PROBLEM DETAILS:
Set down exactly the lines running from the one with "De woning is" to the last line of the listing below, both included, and skip every picture.

EXCERPTED DATA:
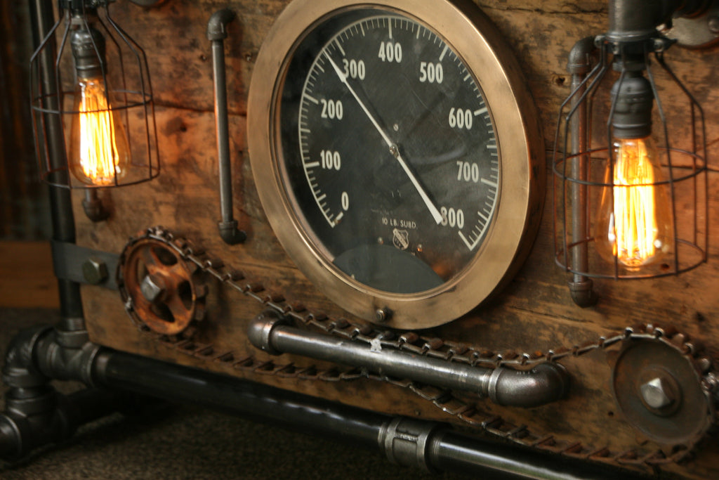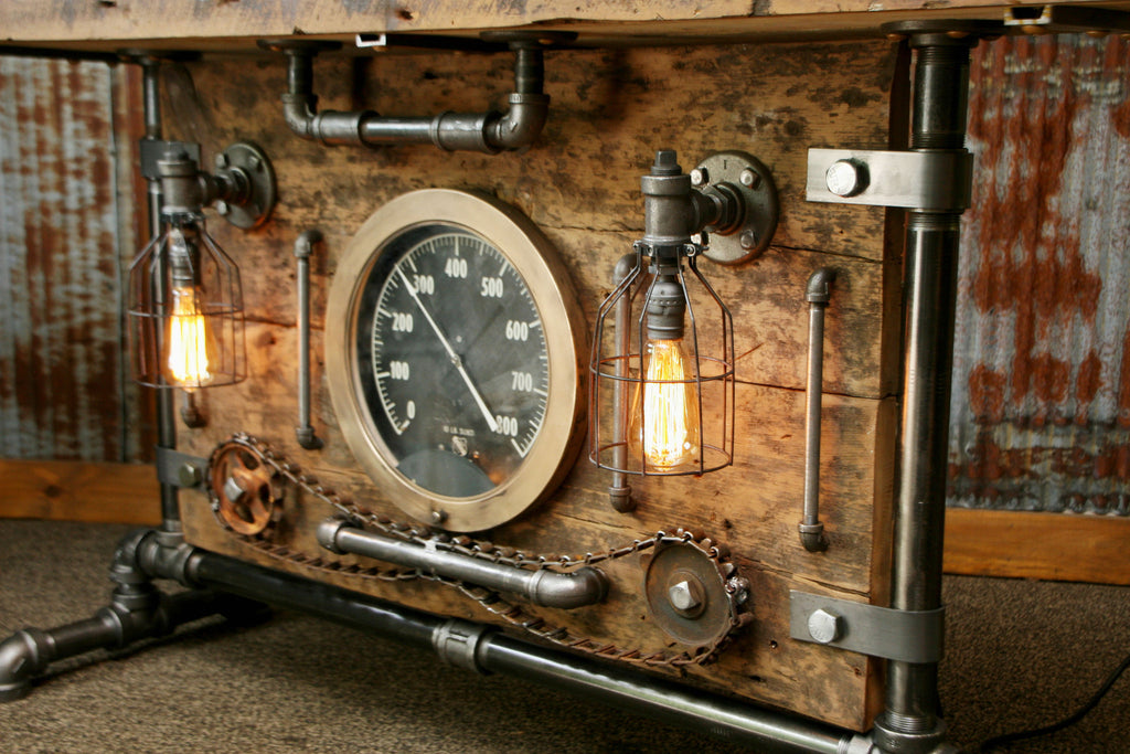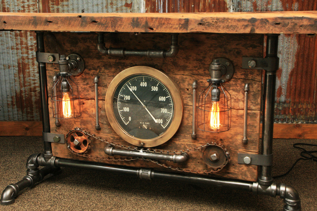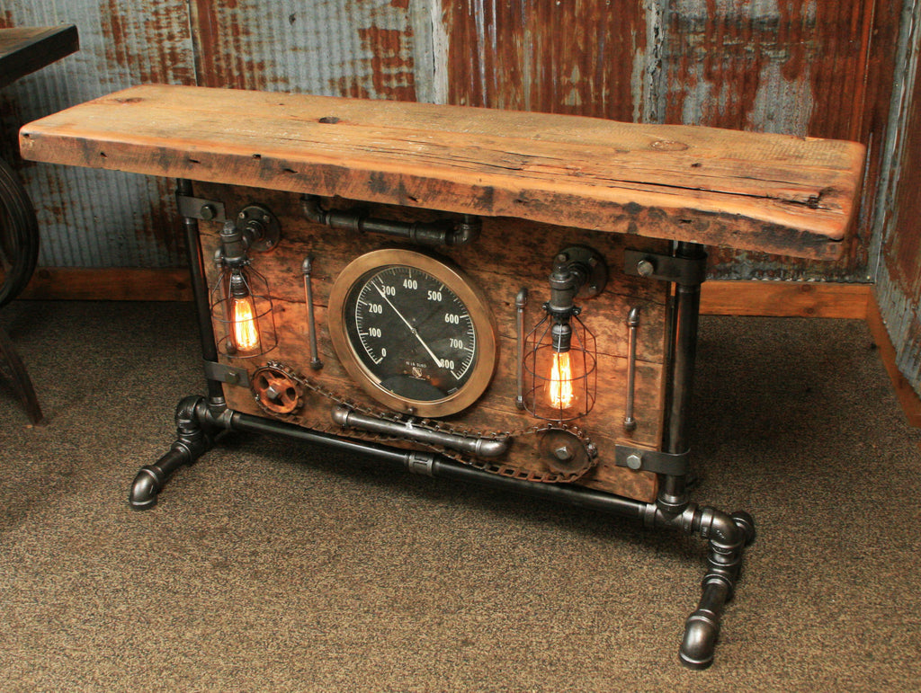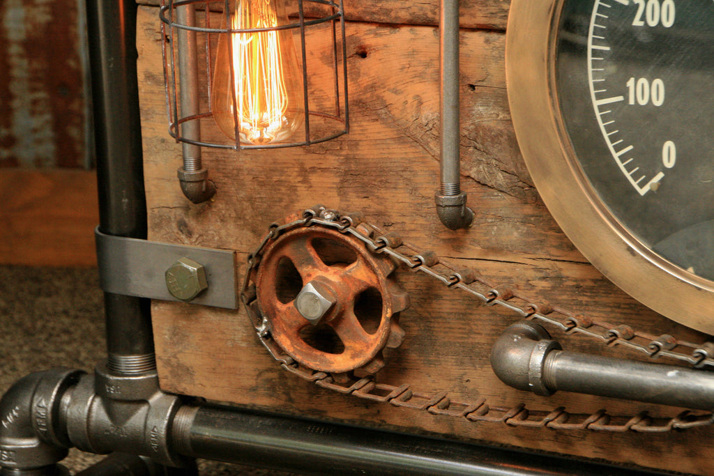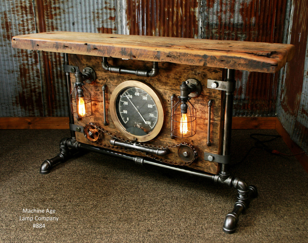 Steampunk Industrial Table, Lamp Stand, Console, Barn wood & Steam Gauge - #884 - Sold
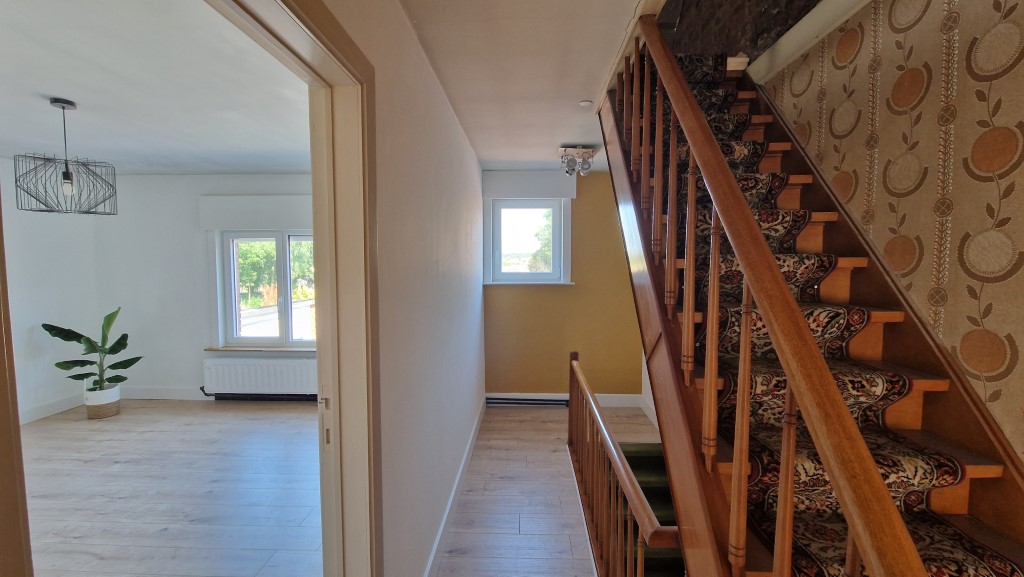 De woning is volledig opfrist, vernieuwde keuken, vernieuwde elektriciteit, boven werd volledig geschilderd en voorzien van laminaat. Ook de zolderverdieping is voorzien van laminaat zodat je gebruik kunt maken van deze polyvalente ruimte met zitbank als 4e slaapkamer of als hobbyruimte of speelkamer.
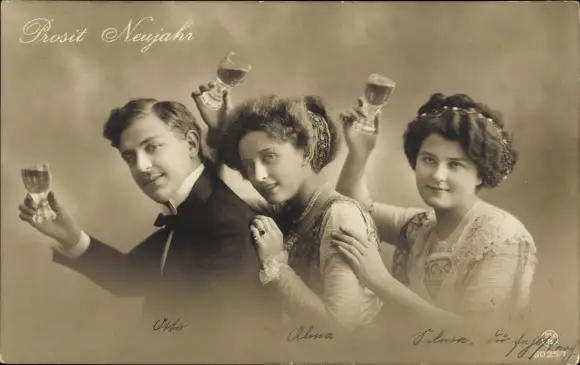 Ak Glückwunsch Neujahr, Menschen mit Sektgläsern, Portrait
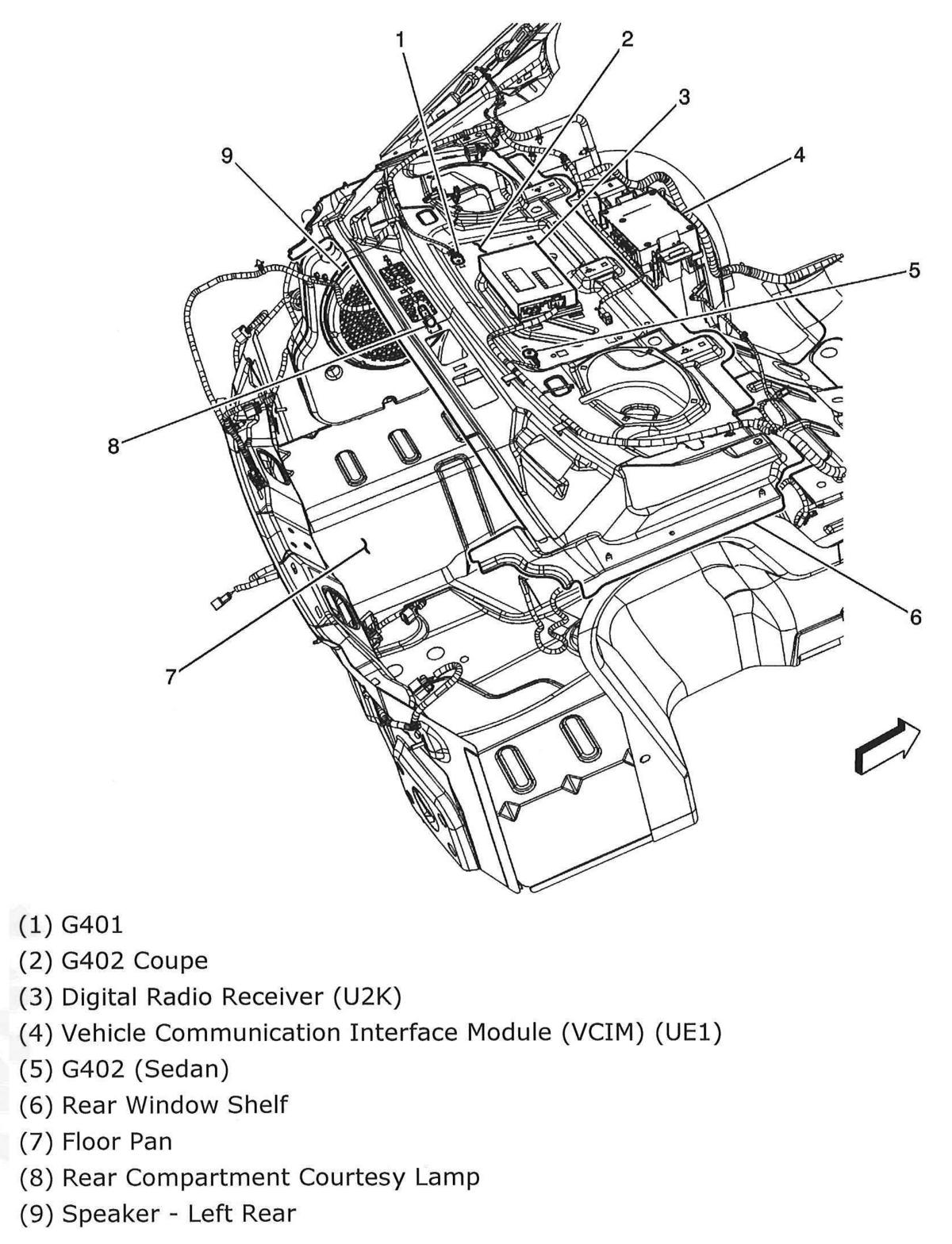 | Vehicle Communication Interface Module (VCIM) | Under rear, shelf between speakers. See Figure. |
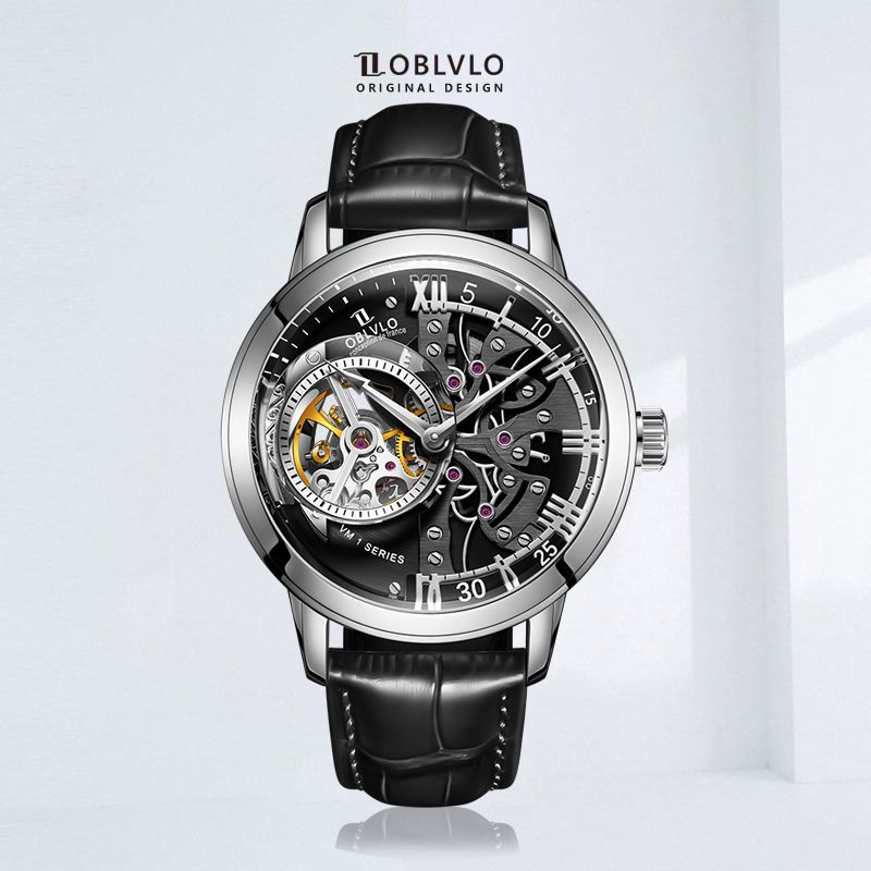 OBLVLO Retro Casual Men Skeleton Automatic Watches Mechanical Calfskin Strap Mineral Crystal Glass Waterproof Clock Dial 45mm VM
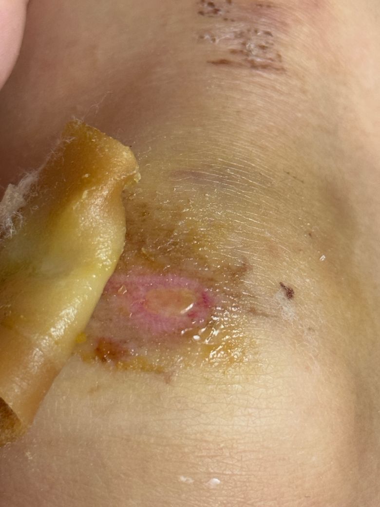 올려주신 사진으로 미루어 상처는 잘 회복되고 있으므로 지금과 같이 상처 소독과 습윤 드레싱을 좀 더 유지하기 바랍니다.
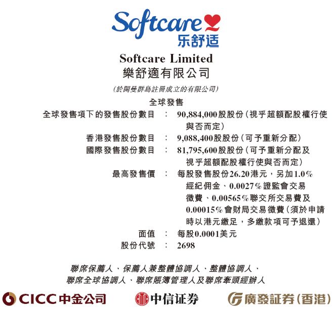 | 全球發售項下的發售股份數目 | : 90,884,000 股股份(視乎超額配股權行使 | | --- | --- | | 與否而定) | | | 香港發售股份數目 : | 9.088.400股股份(可予重新分配) | | 國際發售股份數目 | : 81.795.600股股份(可予重新分配及 | | | 視乎超額配股權行使與否而定) | | 最高發售價 : 每股發售股份26.20港元,另加1.0% | | | | 經紀佣金、0.0027%證監曾交易 | | | 徵費 · 0.00565%聯交所交易費及 | | | 0.00015%會財局交易徵費(須於申請 | | | 時以港元繳足,多繳款項可予退還) | | 面值 : 每股0.0001美元 | | | 股份代號 : 2698 | | 来源:瑞恩资本RyanbenCapital | 乐舒适(02698.HK)基石投资者 | | | | --- | --- | --- | | 基石投资者 | | 认购金额 | | | | (万美元) | | BA Sprout Limited | BA Capital, 何愚緣控制 | 1,500.00 | | BA HM Li ...

OUTPUT FOR THIS EXERCISE:
 De woning is volledig opfrist, vernieuwde keuken, vernieuwde elektriciteit, boven werd volledig geschilderd en voorzien van laminaat. Ook de zolderverdieping is voorzien van laminaat zodat je gebruik kunt maken van deze polyvalente ruimte met zitbank als 4e slaapkamer of als hobbyruimte of speelkamer.
 Ak Glückwunsch Neujahr, Menschen mit Sektgläsern, Portrait
 | Vehicle Communication Interface Module (VCIM) | Under rear, shelf between speakers. See Figure. |
 OBLVLO Retro Casual Men Skeleton Automatic Watches Mechanical Calfskin Strap Mineral Crystal Glass Waterproof Clock Dial 45mm VM
 올려주신 사진으로 미루어 상처는 잘 회복되고 있으므로 지금과 같이 상처 소독과 습윤 드레싱을 좀 더 유지하기 바랍니다.
 | 全球發售項下的發售股份數目 | : 90,884,000 股股份(視乎超額配股權行使 | | --- | --- | | 與否而定) | | | 香港發售股份數目 : | 9.088.400股股份(可予重新分配) | | 國際發售股份數目 | : 81.795.600股股份(可予重新分配及 | | | 視乎超額配股權行使與否而定) | | 最高發售價 : 每股發售股份26.20港元,另加1.0% | | | | 經紀佣金、0.0027%證監曾交易 | | | 徵費 · 0.00565%聯交所交易費及 | | | 0.00015%會財局交易徵費(須於申請 | | | 時以港元繳足,多繳款項可予退還) | | 面值 : 每股0.0001美元 | | | 股份代號 : 2698 | | 来源:瑞恩资本RyanbenCapital | 乐舒适(02698.HK)基石投资者 | | | | --- | --- | --- | | 基石投资者 | | 认购金额 | | | | (万美元) | | BA Sprout Limited | BA Capital, 何愚緣控制 | 1,500.00 | | BA HM Li ...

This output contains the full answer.